### Activity:
Exactly and only the lines below from the one containing "Permainan togel online" down to the one containing "百草味夹心华夫面包800g手撕健康早餐代餐西式糕点解馋小零食400g 麦香夹心华夫面包 800g" are wanted, both included; please exclude every picture.

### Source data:
------------------------------

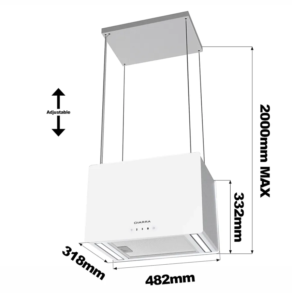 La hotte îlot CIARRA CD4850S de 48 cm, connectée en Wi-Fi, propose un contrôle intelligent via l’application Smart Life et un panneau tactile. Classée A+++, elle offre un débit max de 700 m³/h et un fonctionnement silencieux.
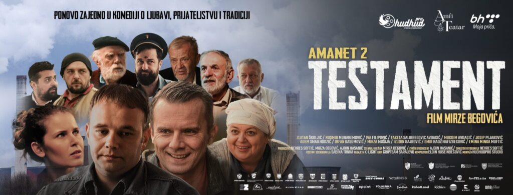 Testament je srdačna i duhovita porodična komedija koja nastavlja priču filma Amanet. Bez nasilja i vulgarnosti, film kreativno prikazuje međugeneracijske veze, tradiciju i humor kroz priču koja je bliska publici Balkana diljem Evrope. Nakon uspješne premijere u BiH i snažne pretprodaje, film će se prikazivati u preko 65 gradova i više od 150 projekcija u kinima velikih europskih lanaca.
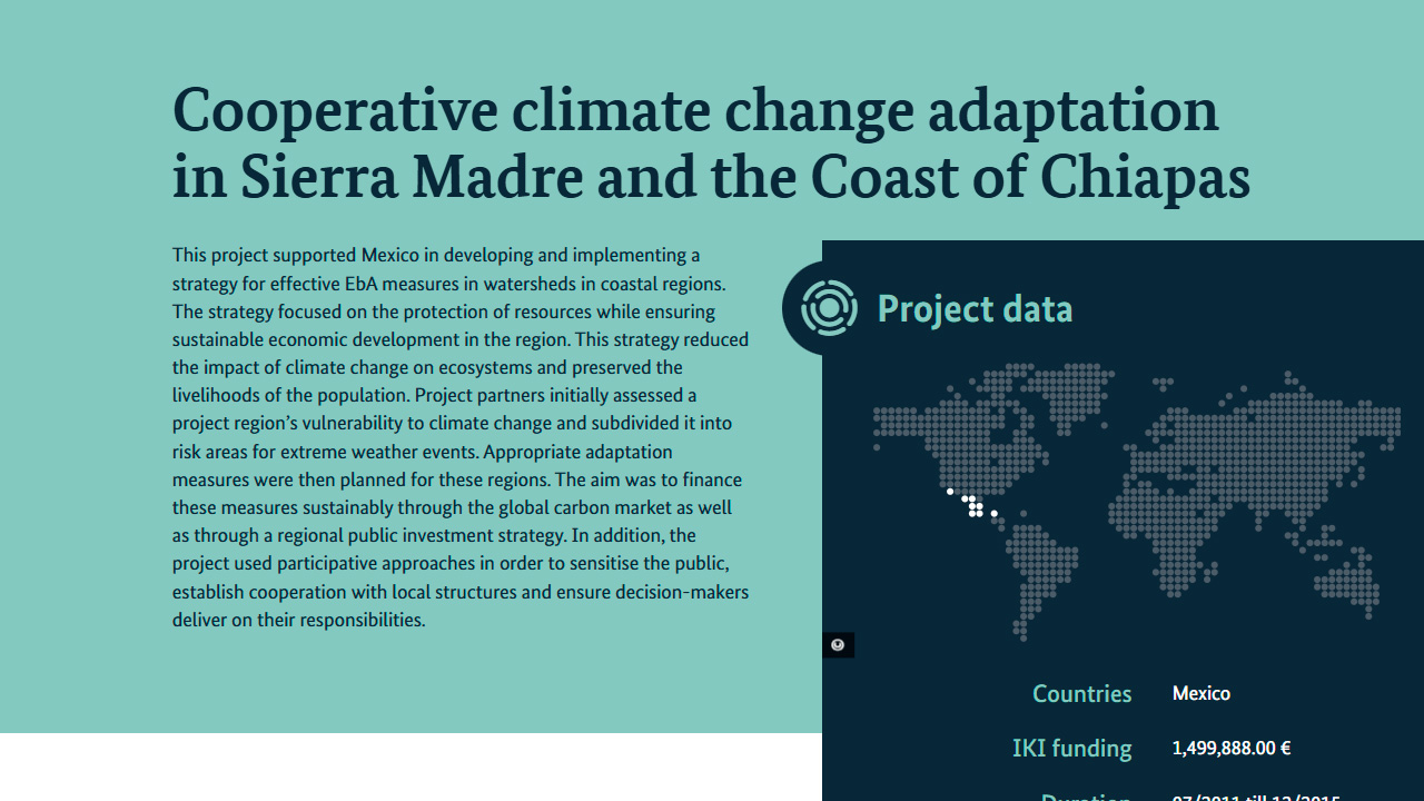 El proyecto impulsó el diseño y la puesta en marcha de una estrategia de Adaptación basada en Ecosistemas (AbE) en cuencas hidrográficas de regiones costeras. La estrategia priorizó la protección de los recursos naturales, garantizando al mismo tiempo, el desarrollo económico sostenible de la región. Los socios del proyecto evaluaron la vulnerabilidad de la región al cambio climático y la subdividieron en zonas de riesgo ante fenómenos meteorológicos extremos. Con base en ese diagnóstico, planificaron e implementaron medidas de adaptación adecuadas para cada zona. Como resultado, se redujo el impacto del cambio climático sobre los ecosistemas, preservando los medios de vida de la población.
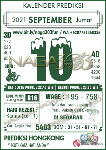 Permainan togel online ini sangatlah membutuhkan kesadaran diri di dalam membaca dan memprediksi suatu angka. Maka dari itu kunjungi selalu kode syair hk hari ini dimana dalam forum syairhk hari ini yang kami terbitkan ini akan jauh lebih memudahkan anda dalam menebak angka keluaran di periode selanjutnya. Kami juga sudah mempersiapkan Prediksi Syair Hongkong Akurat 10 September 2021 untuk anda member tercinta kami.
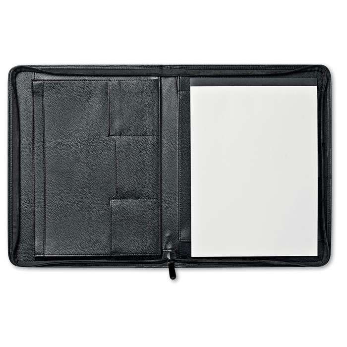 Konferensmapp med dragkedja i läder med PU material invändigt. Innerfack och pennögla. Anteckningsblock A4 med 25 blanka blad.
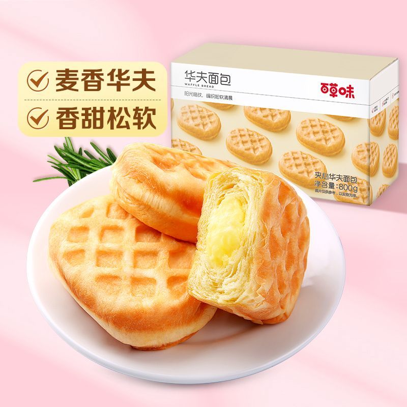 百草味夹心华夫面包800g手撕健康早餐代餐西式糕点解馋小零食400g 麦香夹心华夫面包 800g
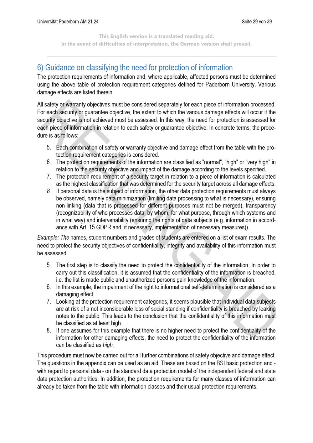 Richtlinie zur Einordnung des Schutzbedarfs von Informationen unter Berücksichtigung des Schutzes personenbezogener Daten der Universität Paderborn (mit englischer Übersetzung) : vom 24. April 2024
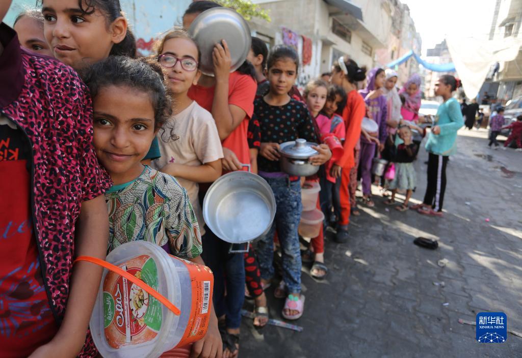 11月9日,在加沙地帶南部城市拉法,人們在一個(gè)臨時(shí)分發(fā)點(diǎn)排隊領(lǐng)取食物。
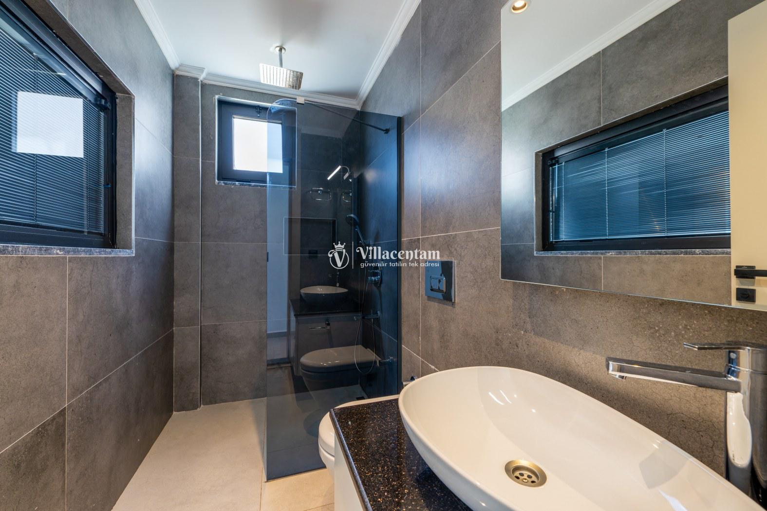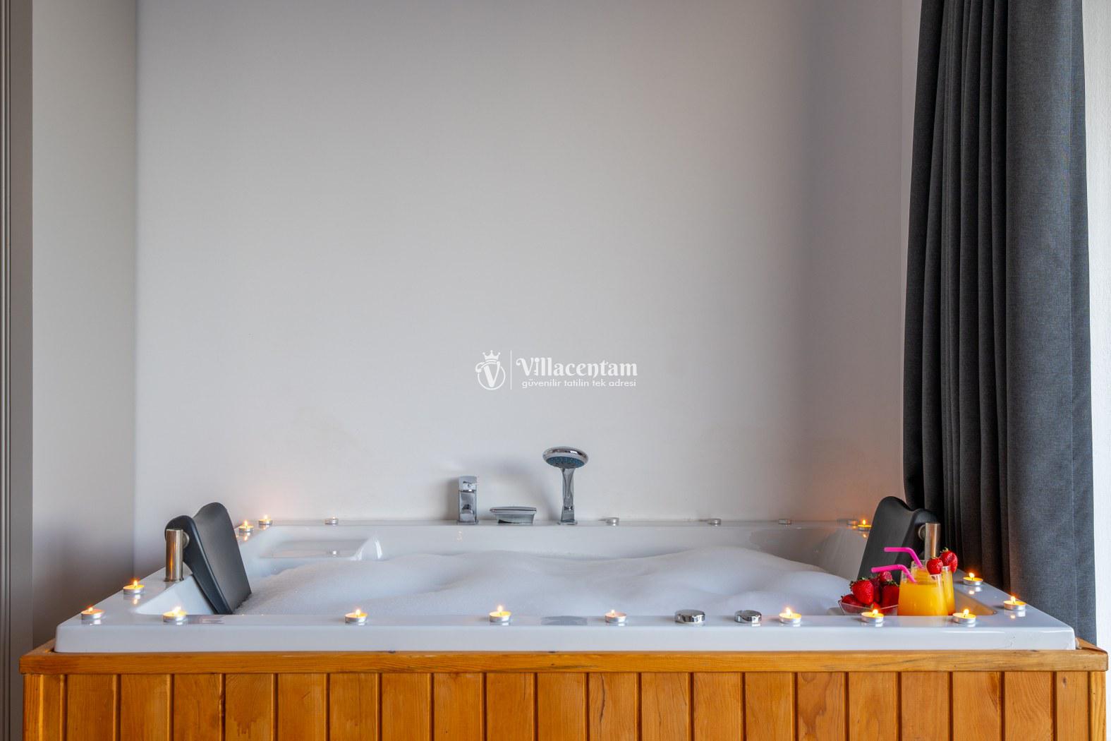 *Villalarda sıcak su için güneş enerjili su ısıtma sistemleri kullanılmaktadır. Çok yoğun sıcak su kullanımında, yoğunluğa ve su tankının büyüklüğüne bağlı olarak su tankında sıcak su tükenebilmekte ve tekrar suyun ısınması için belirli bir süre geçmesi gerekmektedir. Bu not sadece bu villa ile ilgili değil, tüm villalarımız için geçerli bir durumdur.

------------------------------

### Exercise result:
 Permainan togel online ini sangatlah membutuhkan kesadaran diri di dalam membaca dan memprediksi suatu angka. Maka dari itu kunjungi selalu kode syair hk hari ini dimana dalam forum syairhk hari ini yang kami terbitkan ini akan jauh lebih memudahkan anda dalam menebak angka keluaran di periode selanjutnya. Kami juga sudah mempersiapkan Prediksi Syair Hongkong Akurat 10 September 2021 untuk anda member tercinta kami.
 Konferensmapp med dragkedja i läder med PU material invändigt. Innerfack och pennögla. Anteckningsblock A4 med 25 blanka blad.
 百草味夹心华夫面包800g手撕健康早餐代餐西式糕点解馋小零食400g 麦香夹心华夫面包 800g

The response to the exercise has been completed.